Your instructions — Transcribe only the part of the material below that begins at the line containing "魚 魚介 海産物 冷凍" and ends at the line containing "Имеет LED-индикаторы, отображающие", with both kept and images left out.

Input data —
_ _ _

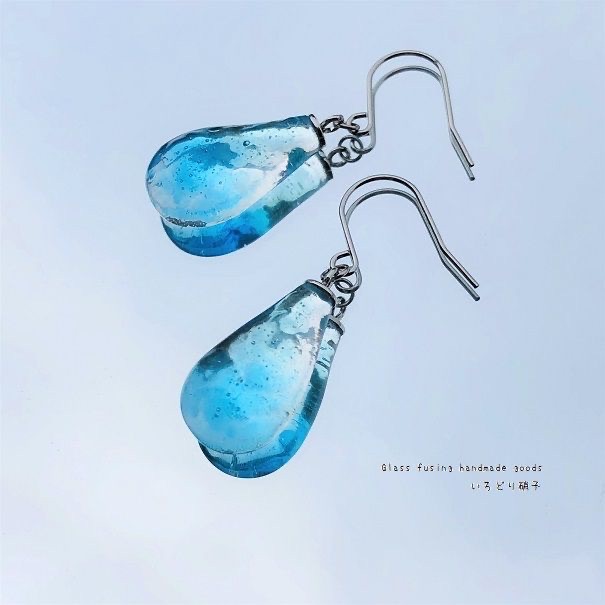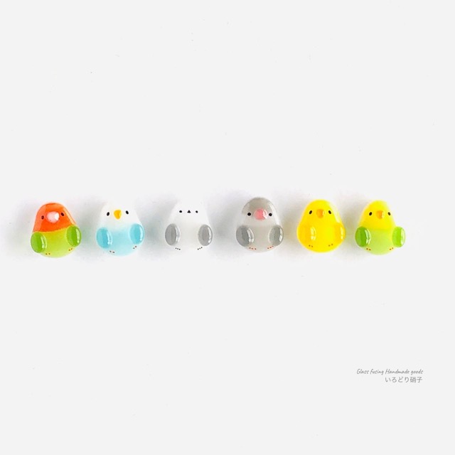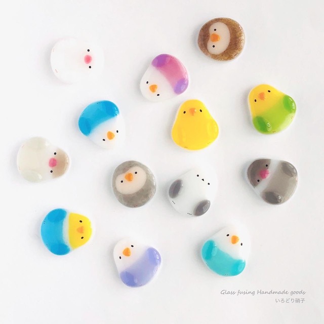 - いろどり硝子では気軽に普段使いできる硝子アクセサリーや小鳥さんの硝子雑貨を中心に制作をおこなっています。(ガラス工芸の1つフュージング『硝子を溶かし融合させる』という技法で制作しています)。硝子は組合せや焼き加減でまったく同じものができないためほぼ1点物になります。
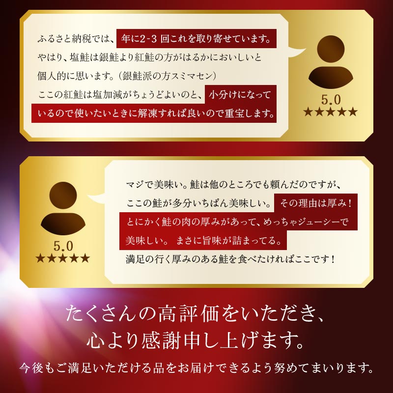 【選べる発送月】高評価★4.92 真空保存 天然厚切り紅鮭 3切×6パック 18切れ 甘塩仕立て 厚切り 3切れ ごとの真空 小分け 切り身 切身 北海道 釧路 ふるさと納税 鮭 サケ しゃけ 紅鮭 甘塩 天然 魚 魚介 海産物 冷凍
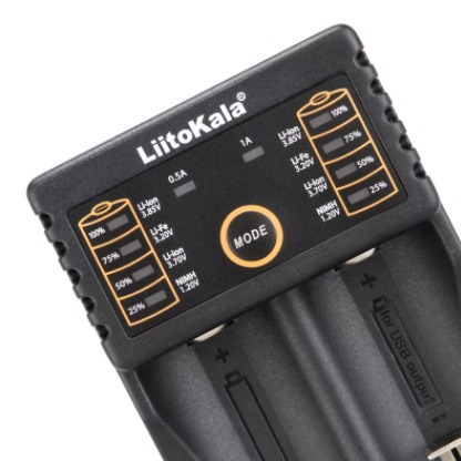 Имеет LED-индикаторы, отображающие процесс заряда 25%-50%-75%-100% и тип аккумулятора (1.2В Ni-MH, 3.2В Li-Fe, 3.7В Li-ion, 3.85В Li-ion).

_ _ _

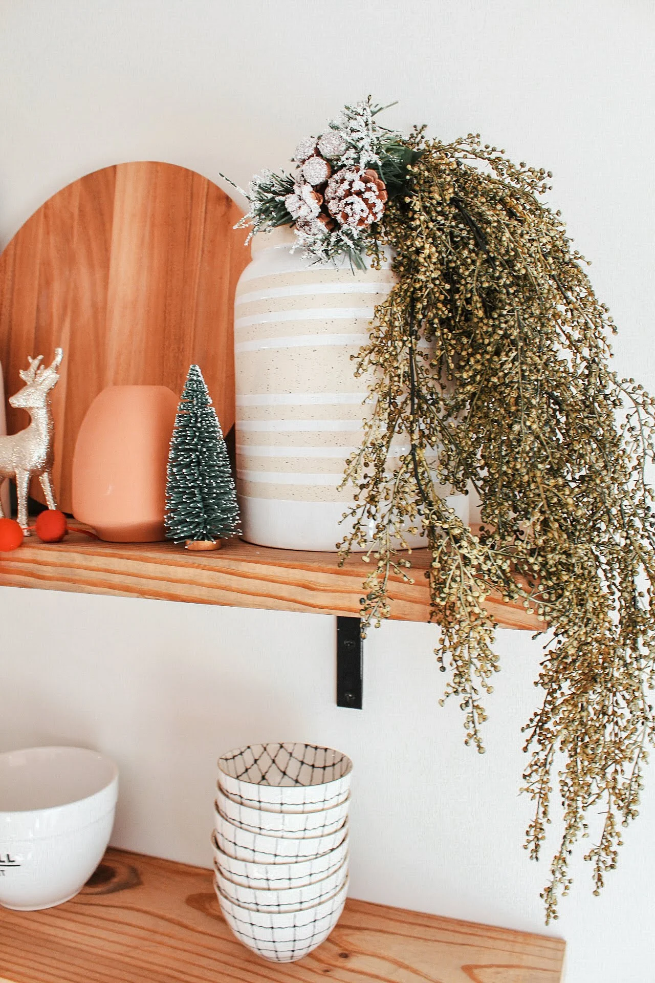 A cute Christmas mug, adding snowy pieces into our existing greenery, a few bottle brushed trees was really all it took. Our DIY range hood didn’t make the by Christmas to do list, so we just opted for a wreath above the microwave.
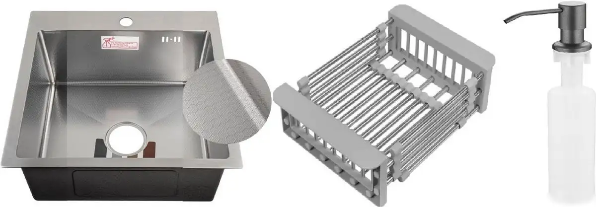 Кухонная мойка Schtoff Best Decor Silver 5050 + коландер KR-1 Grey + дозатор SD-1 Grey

_ _ _

Problem solution —
 【選べる発送月】高評価★4.92 真空保存 天然厚切り紅鮭 3切×6パック 18切れ 甘塩仕立て 厚切り 3切れ ごとの真空 小分け 切り身 切身 北海道 釧路 ふるさと納税 鮭 サケ しゃけ 紅鮭 甘塩 天然 魚 魚介 海産物 冷凍
 Имеет LED-индикаторы, отображающие процесс заряда 25%-50%-75%-100% и тип аккумулятора (1.2В Ni-MH, 3.2В Li-Fe, 3.7В Li-ion, 3.85В Li-ion).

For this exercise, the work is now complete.